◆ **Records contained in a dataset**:
□ □ □

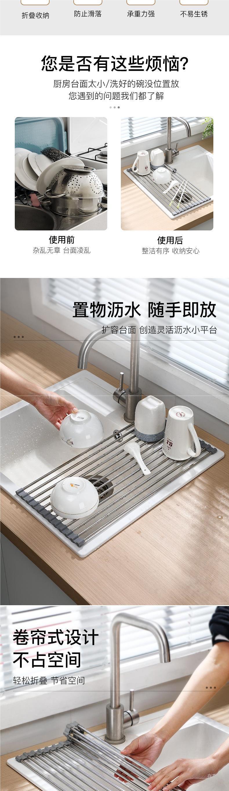 다기능 접이식 스테인레스 스틸 접시 세척 싱크 스토리지 랙 주방 싱크 접시 랙 배수 바구니 저장 드레인 랙스토어 가기
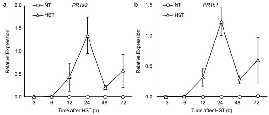 Figure 2. Changes in (a) PR1a2, and (b) PR1b1 expression levels in the tomato cultivar Natsunokoma. Gene expression levels in the first leaf at 3, 6, 12, 24, 48, or 72 h after HST (45 °C, 2 min) were quantified by qPCR and normalized to GAPDH expression. Vertical bars indicate the standard error of the mean (n = 4).
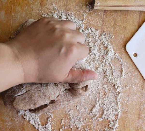 第19步、面醒好,放薄面揉勻。
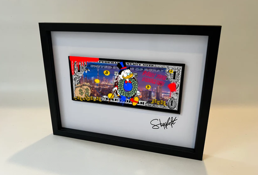 Außergewöhnliche Pop Art Kunst von Skyyloft - das Motiv "DUBAI LIFE DOLLAR" im Objektrahmen mit Museumsglas.
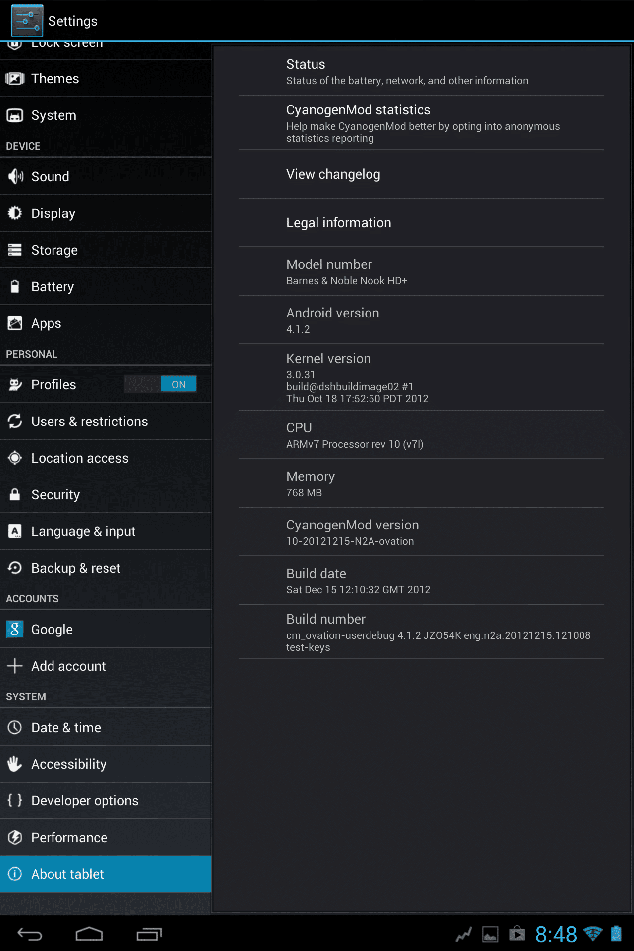 Nook HD+ Android Settings Screen -> About this tablet

□ □ □

◆ **EXERCISE**: Give again, word for word, the lines above from the first one through the one containing "第19步、面醒好,放薄面揉勻。"; no pictures.

◆ **YOUR SOLUTION**:
 다기능 접이식 스테인레스 스틸 접시 세척 싱크 스토리지 랙 주방 싱크 접시 랙 배수 바구니 저장 드레인 랙스토어 가기
 Figure 2. Changes in (a) PR1a2, and (b) PR1b1 expression levels in the tomato cultivar Natsunokoma. Gene expression levels in the first leaf at 3, 6, 12, 24, 48, or 72 h after HST (45 °C, 2 min) were quantified by qPCR and normalized to GAPDH expression. Vertical bars indicate the standard error of the mean (n = 4).
 第19步、面醒好,放薄面揉勻。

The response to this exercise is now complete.